Only when combining all these elements—DCNv2 architecture, numerical embeddings, categorical embeddings, appropriate regularization, and normalization—did the DNN model consistently outperform the GBT baseline across their benchmark tasks.
## Production Results and Evaluation
Nubank evaluated their approach on multiple internal benchmark tasks, measuring relative improvements in AUC (Area Under the ROC Curve) compared to LightGBM baselines trained solely on tabular features. Their results demonstrate clear advantages for the joint fusion approach:
- Fine-tuning alone (without tabular features) provided a 1.68% relative improvement in AUC
- Joint fusion (simultaneously training transformer and DCNv2 blending model) consistently outperformed late fusion approaches
- The improvements were achieved not by adding new information sources, but by automatically learning more informative feature representations through the fine-tuning process
Critically, Nubank emphasizes that their visualization of relative AUC gains shows that joint fusion provides lift specifically because it allows the transformer to adapt during training to capture complementary signal not already present in the tabular features. This adaptive learning is impossible in late fusion architectures where the embedding model is frozen before blending.
## LLMOps and Production Considerations
From an LLMOps perspective, this case study illustrates several important considerations for deploying foundation models in production financial applications:
**Model Architecture Flexibility**: The need to support both pre-training (self-supervised on transaction sequences), fine-tuning (supervised with task-specific labels), and fusion (combining with tabular features) requires sophisticated model serving infrastructure that can handle multiple training paradigms and compose different model components.
**Training Pipeline Complexity**: The joint fusion approach requires end-to-end differentiable training pipelines that can backpropagate gradients through both the transformer and the feature blending network. This is more complex than traditional two-stage approaches but provides measurable performance benefits.
**Feature Engineering Trade-offs**: While the transformer-based approach reduces the need for manual feature engineering on sequential transaction data, it doesn't eliminate the need to carefully engineer tabular features. The production system must maintain both pipelines.
**Model Selection and Validation**: The high variability in DNN performance on tabular data across different problems means that production systems need robust validation frameworks to ensure that the chosen architecture (DCNv2 in this case) performs well across all intended tasks, not just average performance.
**Scalability Assumptions**: Nubank's approach is predicated on the hypothesis that as they scale these models (more transaction history, larger models, more training data), performance will continue to improve.
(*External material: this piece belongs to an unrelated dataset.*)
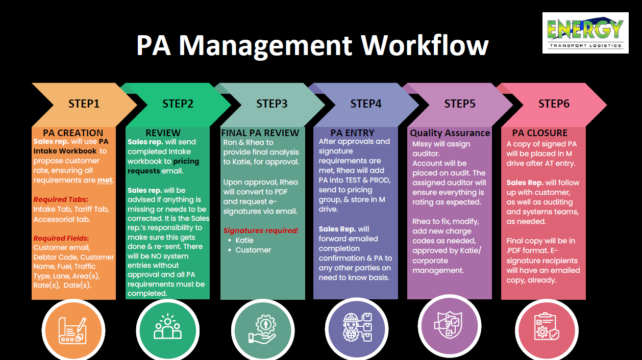 PAs will not be entered without internal and external approval, signatures and without this ENERGY PA TEMPLATE. It is your responsibility to make sure these requirements are met before system entry.

This scaling behavior needs to be monitored and validated in production to ensure the investment in foundation models pays off over time.
**Baseline Comparison**: The emphasis on comparing against LightGBM baselines reflects the practical reality that in production finance applications, new approaches must demonstrably outperform established methods to justify the added complexity of deployment and maintenance.
## Balanced Assessment
While Nubank presents compelling evidence for their approach, several considerations should be noted from a balanced LLMOps perspective:
**Complexity vs. Benefit Trade-off**: The joint fusion approach with DCNv2 is significantly more complex than late fusion with GBT models. The reported improvements, while positive, are relatively modest (on the order of a few percentage points in relative AUC). Organizations considering this approach need to carefully weigh whether these improvements justify the increased infrastructure complexity, longer training times, and higher computational costs.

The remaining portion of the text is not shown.